***** INFORMATION PROVIDED *****
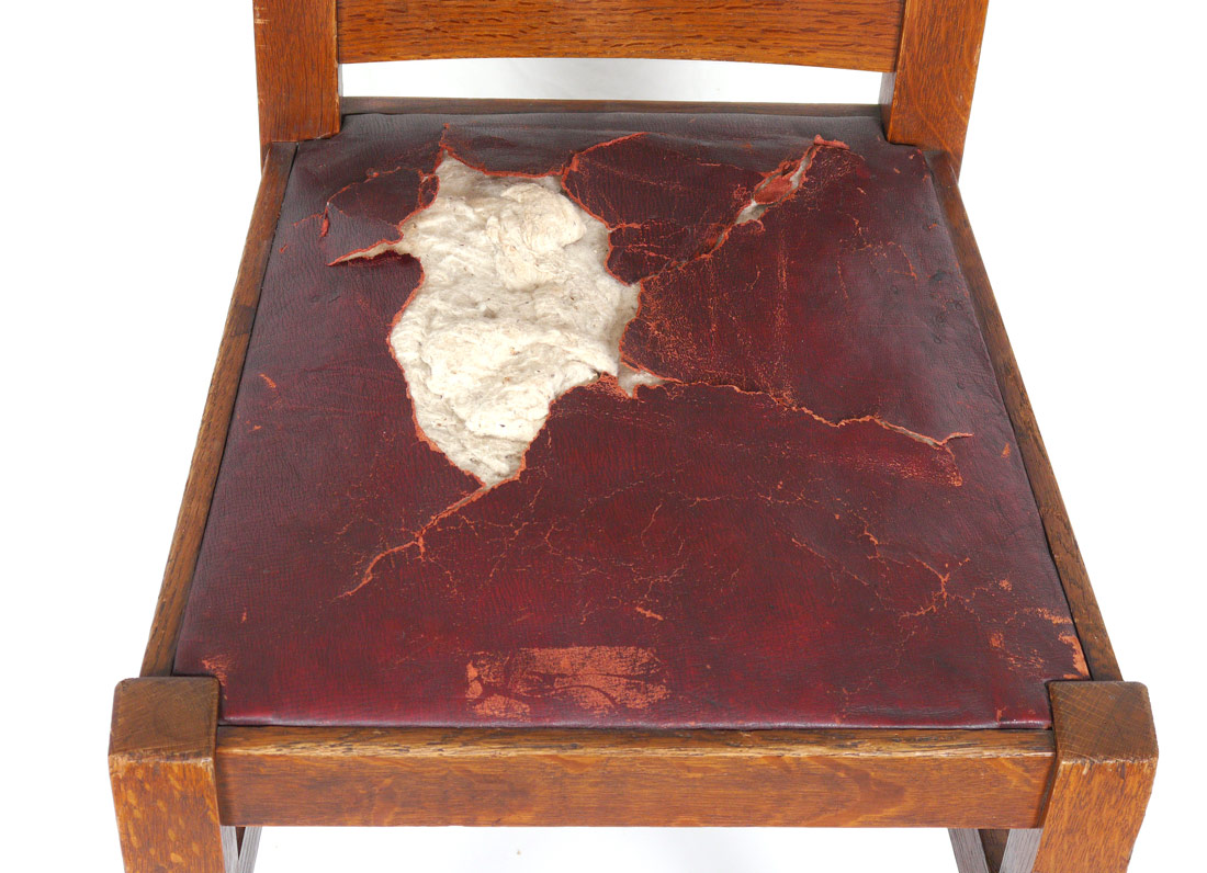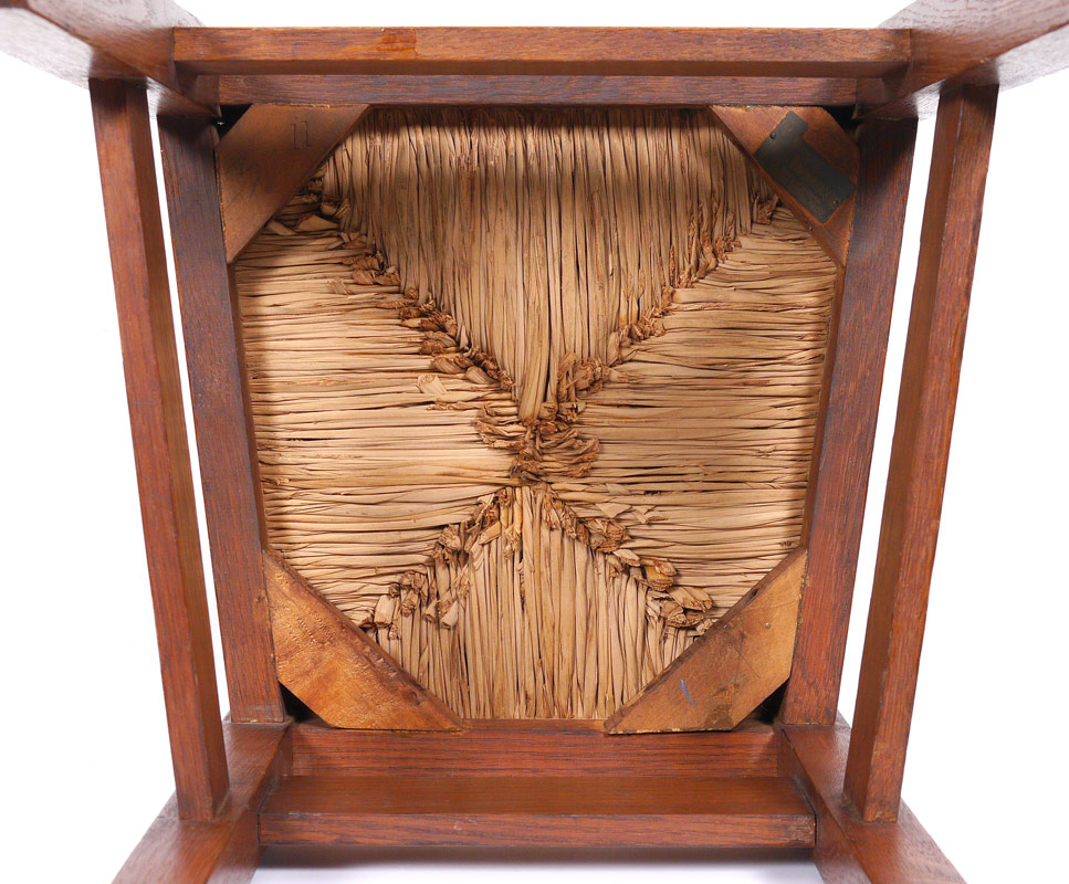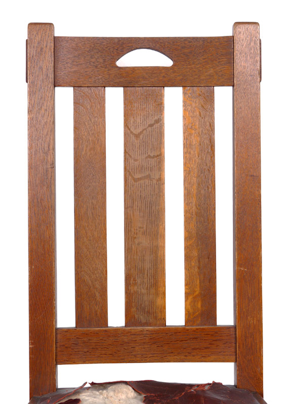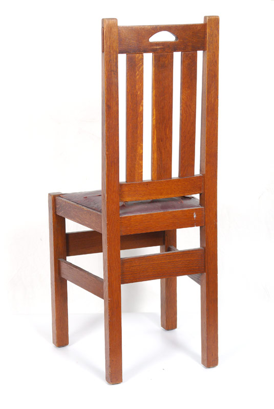 STICKLEY QUAINT FURNITURE SIDE CHAIR: Mission oak chair, original metal tag ''Quaint'' Furniture, Stickley Bros., Grand Rapids, Mich. Stamped inside front rail 952 X 825 1/2. Measures 38'' x 15 3/4'' x 16''.
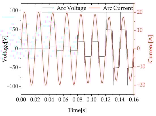 (1) During an arc fault, the electrode voltage abruptly rises from zero, resulting in peaks of arc ignition and extinction, with the intensity of arc burning markedly increasing as the combustion intensifies. The arc voltage will decrease to a certain value after first attaining the arc voltage until the current approaches zero, due to the medium’s recovery between the electrodes, resulting in the arc voltage increasing to the arc extinguishing voltage.
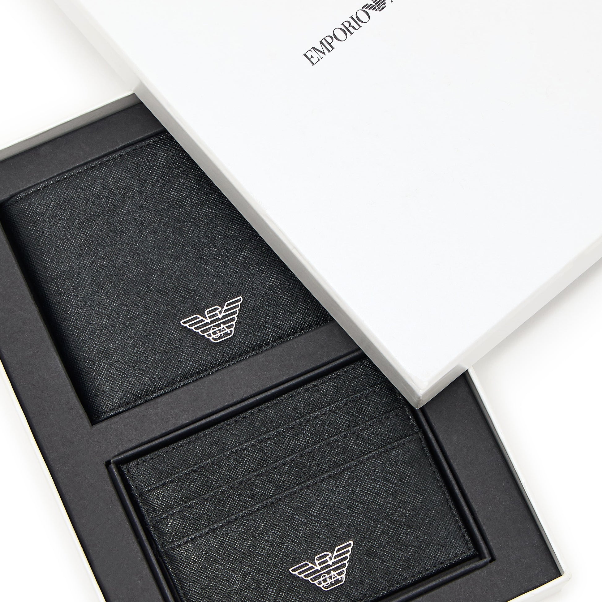Emporio Armani Business Regenerated Wallet & Cardholder Gift Set in Black
*****
*TASK OBJECTIVE:*
Copy the entire listing exactly but skip the pictures.

*THE ANSWER:*
 STICKLEY QUAINT FURNITURE SIDE CHAIR: Mission oak chair, original metal tag ''Quaint'' Furniture, Stickley Bros., Grand Rapids, Mich. Stamped inside front rail 952 X 825 1/2. Measures 38'' x 15 3/4'' x 16''.
 (1) During an arc fault, the electrode voltage abruptly rises from zero, resulting in peaks of arc ignition and extinction, with the intensity of arc burning markedly increasing as the combustion intensifies. The arc voltage will decrease to a certain value after first attaining the arc voltage until the current approaches zero, due to the medium’s recovery between the electrodes, resulting in the arc voltage increasing to the arc extinguishing voltage.
Emporio Armani Business Regenerated Wallet & Cardholder Gift Set in Black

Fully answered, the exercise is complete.